I had soooo many friends that i had to put them near the spray two at a time because i didn't have enough hands. Bailee was being greedy and wanted to be under the spray ALL the time, but i had to put him back on the perch so the others could have a go too! This was Snickers first shower.














































And here we all are with our wet feathers!


----------



## Plukie (Aug 26, 2007)

LOL!! Snickers is preening you!!! Lovely photos again Bea.


----------



## Laura (Jul 30, 2007)

What cute pictures Bea, I don't know how you get all four in a picture mine will not cooperate long enough to be near each other that long


----------



## Kfontan (Oct 10, 2007)

Great pictures! One happy, clean family.


----------



## xxxSpikexxx (Jul 30, 2007)

Showers just are not fun without a tiel or two or four  Gracie looks like she did not want much of a shower.


----------



## allen (Aug 25, 2007)

awww that is so precious


----------



## Bea (Jul 26, 2007)

xxxSpikexxx said:


> Showers just are not fun without a tiel or two or four  Gracie looks like she did not want much of a shower.


Gracie had a good shower and got pretty wet! It's just she was the first under the water so she had more drying time before i took the photos.


----------



## xxxSpikexxx (Jul 30, 2007)

Oh, those tiels do tend to dry quite fast  Mabey you should just grow two extra arms


----------



## Sophia (Aug 11, 2007)

Great photos, all soggy!  Snickers is so good drying you off! 

When you take them in the bathroom/shower room, do they mind being in there ??
It is just that I am thinking of giving Earl and Little Bill their first shower (because they usually just use a bowl) but in the bathroom there isn't really anything to land on except me, so would they mind ???


----------



## xxxSpikexxx (Jul 30, 2007)

Sophia, I would take them in and mabey see how they react to the shower being on. The shower has to be slightly warm, I have a rain fall shower head so Spike can go under it.

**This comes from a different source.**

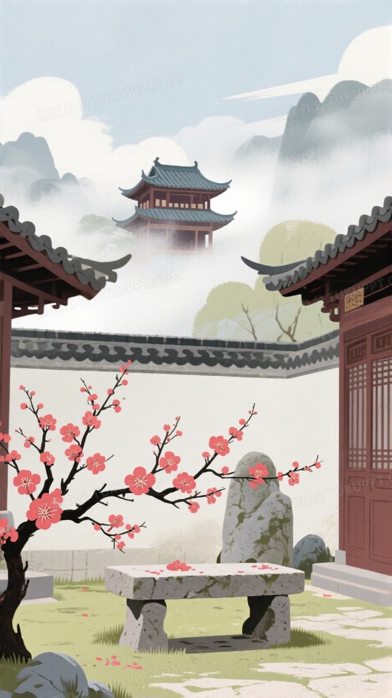 本作品内容为中式审美下的好看古风院子卡通插画, 格式为 jpg, 大小1 MB, 图片尺寸为936 x 1664, 源文件无水印, 欢迎使用熊猫办公。 如认为平台内容涉嫌侵权,可通过邮件:tousu@tukuppt.com提出书面通知,我们将及时处理。

I cover his head so he does not get water in his nares


----------



## Bea (Jul 26, 2007)

I don't let my guys directly under the shower stream because it's too strong, they sit on the shampoo rack until i'm doing washing my hair and then they're allowed to sit on my arms and bath in the water that bounces off me. You can buy cheap shampoo racks that suction onto the tiles or glass in the shower, that might be an idea so Earl and Little Bill have somewhere to sit.


----------



## Laura (Jul 30, 2007)

Lee and Minnie will sit on the shower rack and seem to enjoy that, Ollie and Georgie prefer to sit on top of the shower curtain guess they don't like it as much


----------



## babybreau (May 19, 2008)

So if they are in the shower with you, while you're shampooing/washing/etc, do you worry about soap getting on them??

Awesome pics! I hope I can do that with mine when I get him/her!


----------



## Bea (Jul 26, 2007)

babybreau said:


> So if they are in the shower with you, while you're shampooing/washing/etc, do you worry about soap getting on them??


Well they're not on me or under the water while i'm shampooing, so unless i chose to shake my hair like a wet dog does  there isn't really a risk of them getting soapy.


----------



## Sophia (Aug 11, 2007)

Well with Little Bill the 'Little Wuss' - I guess he would freak out at even the sound of water!  I will try though one day, but like with the misting I think they will be like that... just don't react to the water going on them. 
Earl likes going in a bowl with water in though about once a week, so he is a little cleaner! But Little Bill...no he won't have it, he will stand in the water, drink from the bowl, but not have a clean the dirty thing! :lol:


----------